Ore 18.30
In un pomeriggio più caldo di due ratti che trombano in un calzino di lana, John McBride, uno e ottantacinque abbondanti, quasi cento chili, le manone come prosciutti, un fisico da cinghiale selvatico con un carattere dello stesso genere, arrivò all’isola di Galveston col traghetto che veniva dalla costa del Texas; aveva una sei colpi sotto il spprabito e un rasoio in una scarpa.

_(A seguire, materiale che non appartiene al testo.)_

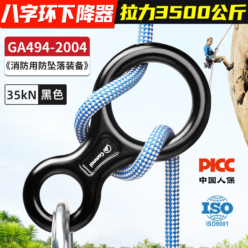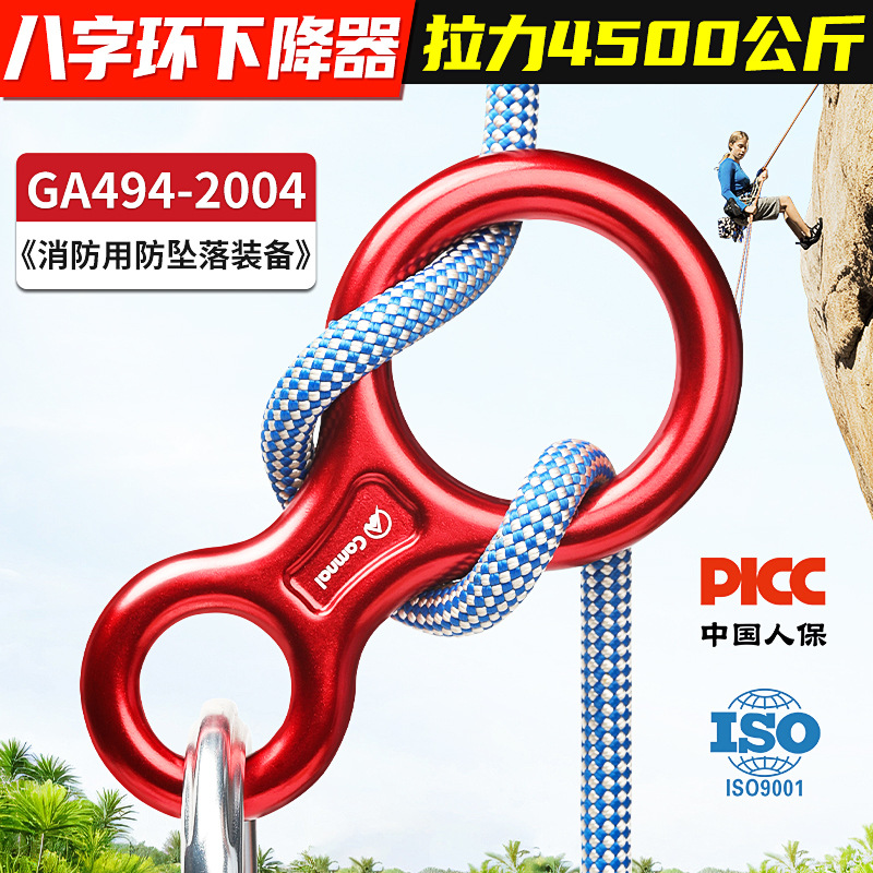 8 캐릭터 링 하강 장치 높은 고도 안전 로프 하강 장치 빠른 하강 바위 등반 로프 하강 가정용 생명을 구하는 구조 장비
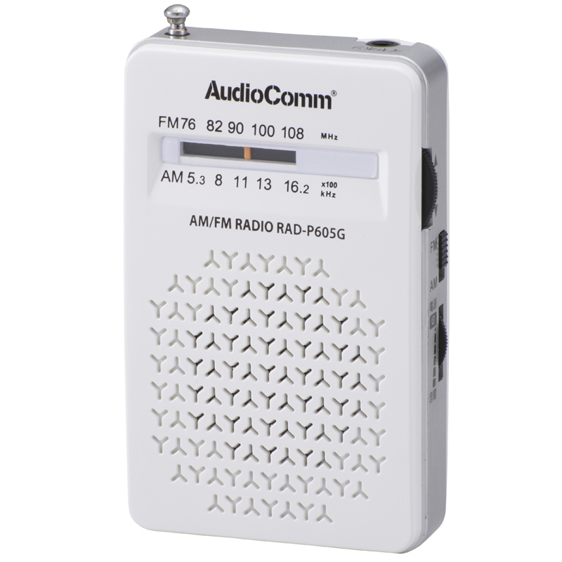 AudioComm AM/FMポケットラジオ ホワイト [品番]07-8605
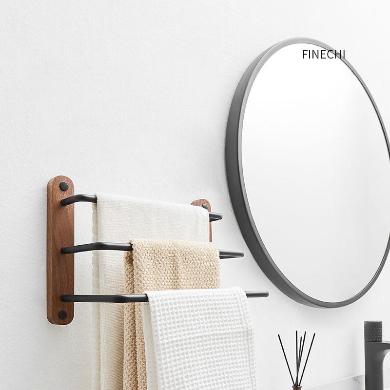 Настенный держатель для полотенец в ванную из грецкого ореха, черная алюминиевая вешалка для полотенец, держатель для полотенец в туалет, 30-50 см, многоярусная вешалка
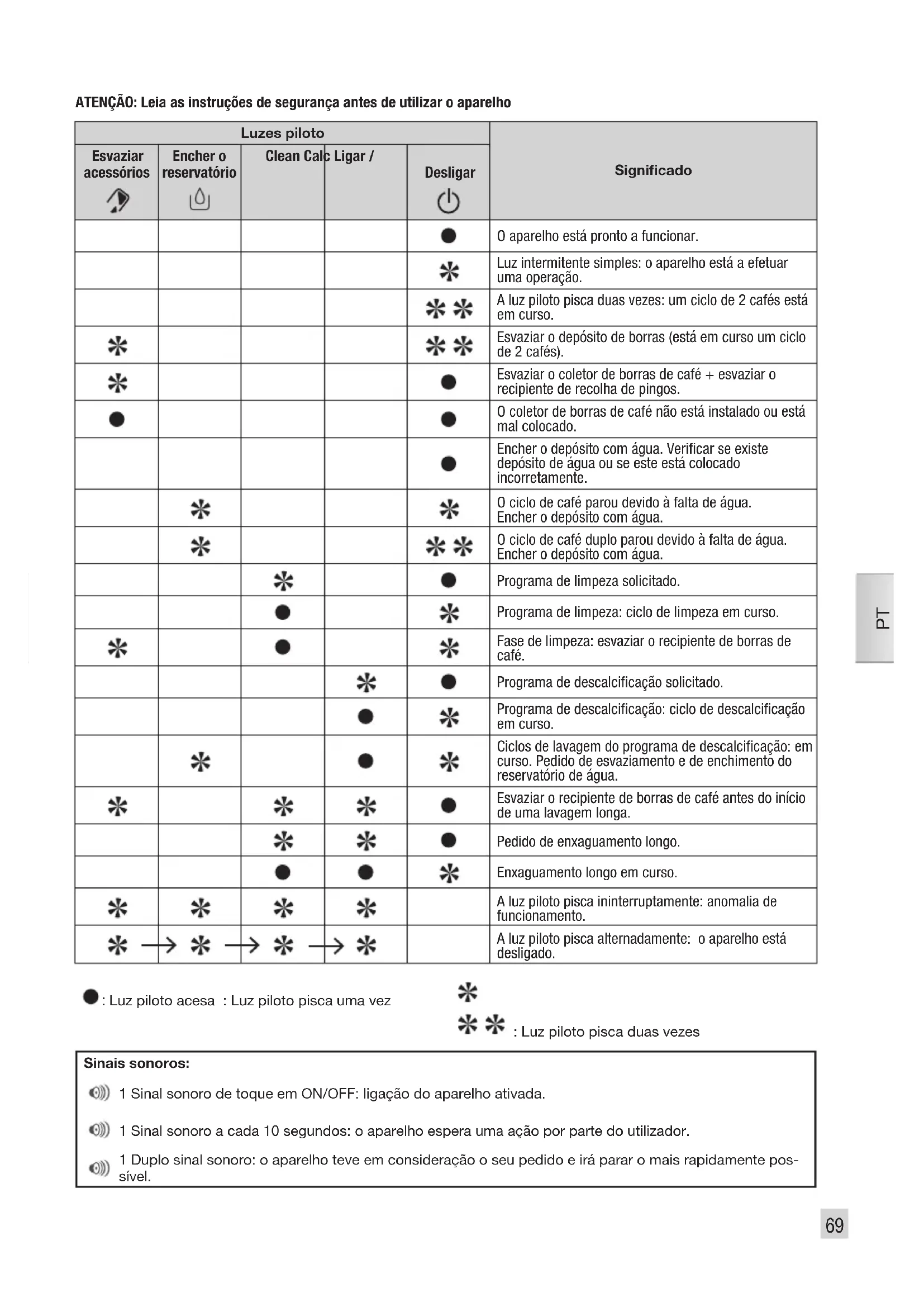 Perigo : Advertência contra riscos de ferimentos corporais graves ou mortais. O símbolo do raio indica perigos relacionados com a presença de eletricidade. Atenção : Advertência contra a eventual ocorrência de funcionamentos indevidos, danos ou destruição da máquina. Importante : Observação geral ou importante relativa ao funcionamento da máquina. Pictogramas e sinais de aviso Esvazie o coletor de borras de café e a gaveta de recolha de pingos: O indicador luminoso permanece ligado se o coletor de borras de café não for premido corretamente, ou se for colocado no lugar antes de passarem 4 segun- dos. Encher o depósito de água Regulação da nura de moagem dos grãos de café CLEAN Proceder à limpeza café standard café forte CALC Proceder à descalcicação Tecla de vapor CLEAN + CALC Proceder à lavagem longa Lavagem/manutenção71
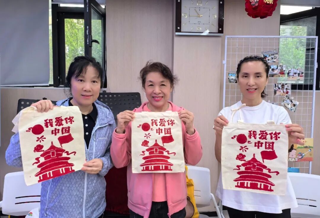 在午山社区和泰都社区,这样的创新实践同样如火如荼。午山社区组织居民制作崂山云海小夜灯,将传统节俗与社区共建理念融于手作之中;泰都社区举办的“欢度国庆·巧手绘包”活动中,居民们在帆布包上绘制“我爱你中国”主题图案,表达对祖国的深情祝福。
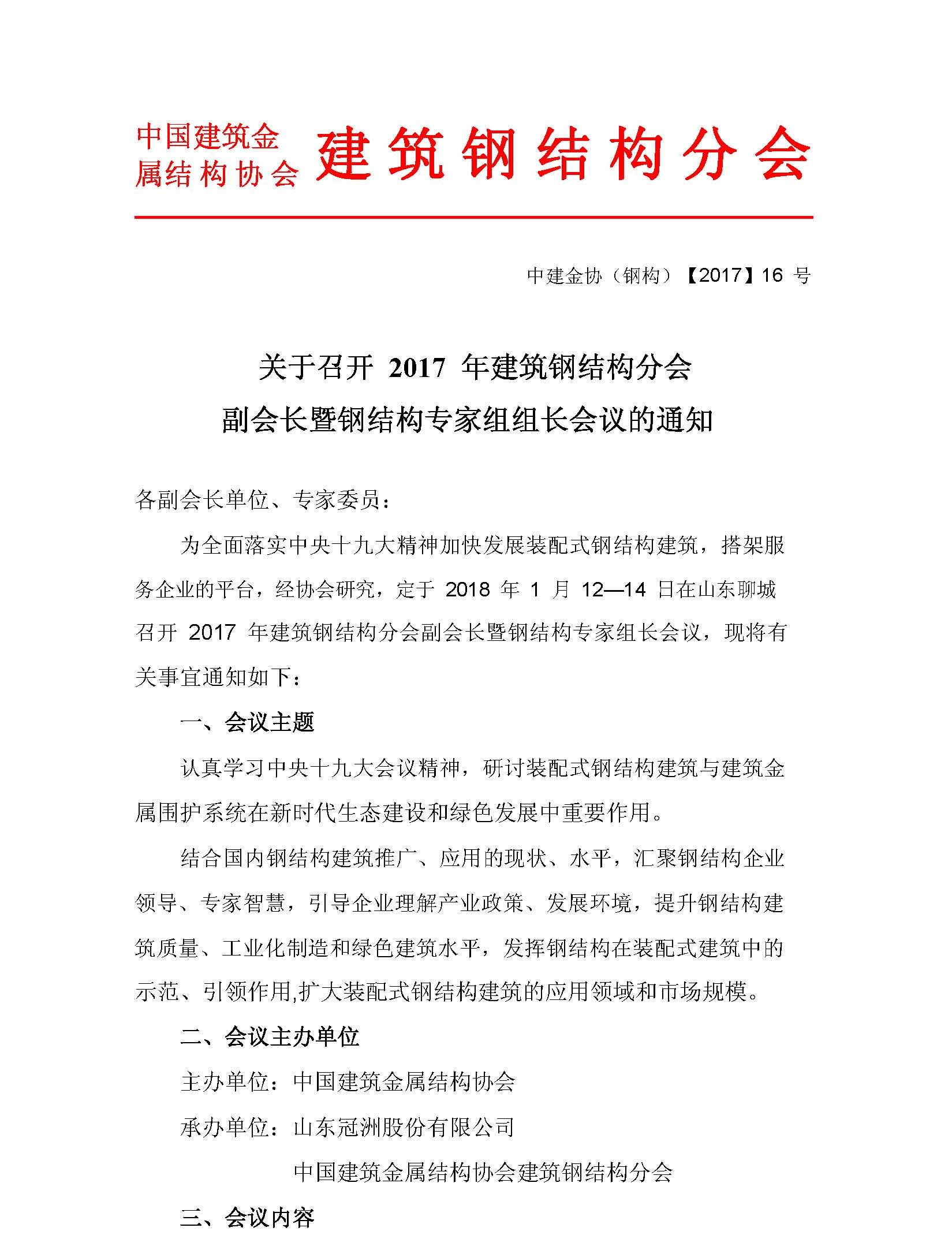 关于召开2017年建筑钢结构分会副会长暨钢结构专家组组长会议的通知
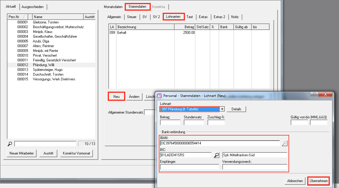 2. Wechseln Sie danach in das Register "Lohnarten" und ordnen dem Mitarbeiter über die Schaltfläche "Neu" die Lohnart LA 097 zu. Hier besteht die Möglichkeit, die Überweisungsdaten wie IBAN, BIC, den Pfändungsempfänger und den Verwendungszweck (meistens das Aktenzeichen auf dem Pfändungsbescheid) zu erfassen. Bestätigen Sie die Zuordnung mit "Übernehmen".
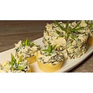 Так же хочу предложить оригинальную подачу, в сырных тарталетках. Уверена такая подача салата украсить ваш стол, тем более, что делать их очень просто и легко!
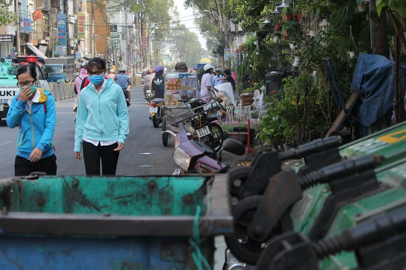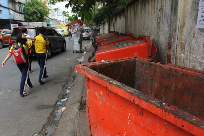 Xe rác tập kết trên vỉa hè, học sinh buộc phải đi dưới lòng đường Lê Bình (quận Tân Bình).

Mentre il traghetto attraccava, McBride mise giù la valigia, si tolse la bombetta, prese un bel fazzoletto bianco nuovo di zecca da una tasca del soprabito, lo usò per asciugare l’inceratino della bombetta, poi per detergersi il sudore dalla fronte, quindi se lo passò sui radi capelli neri per rimettersi infine il cappello.
A San Francisco un vecchio cinese gli aveva detto che i capelli li stava perdendo perché portava sempre il cappello, e McBride aveva deciso che poteva anche avere ragione; però adesso il cappello lo portava per nascondere la propria calvizie. All’età di trent’anni sentiva di essere troppo giovane per perdere i capelli.
Il cinese gli aveva venduto a una cifra considerevole un tonico dall’odore dolciastro che avrebbe dovuto risolvere il suo problema. McBride lo usava con devozione religiosa, strofinandoselo sullo scalpo. Finora, l’unico effetto visibile era stata la lucidatura della sua pelata. Se mai fosse tornato a San Francisco era il caso di andare a trovare quel cinese, magari per fagli un paio di bernoccoli sulla testa.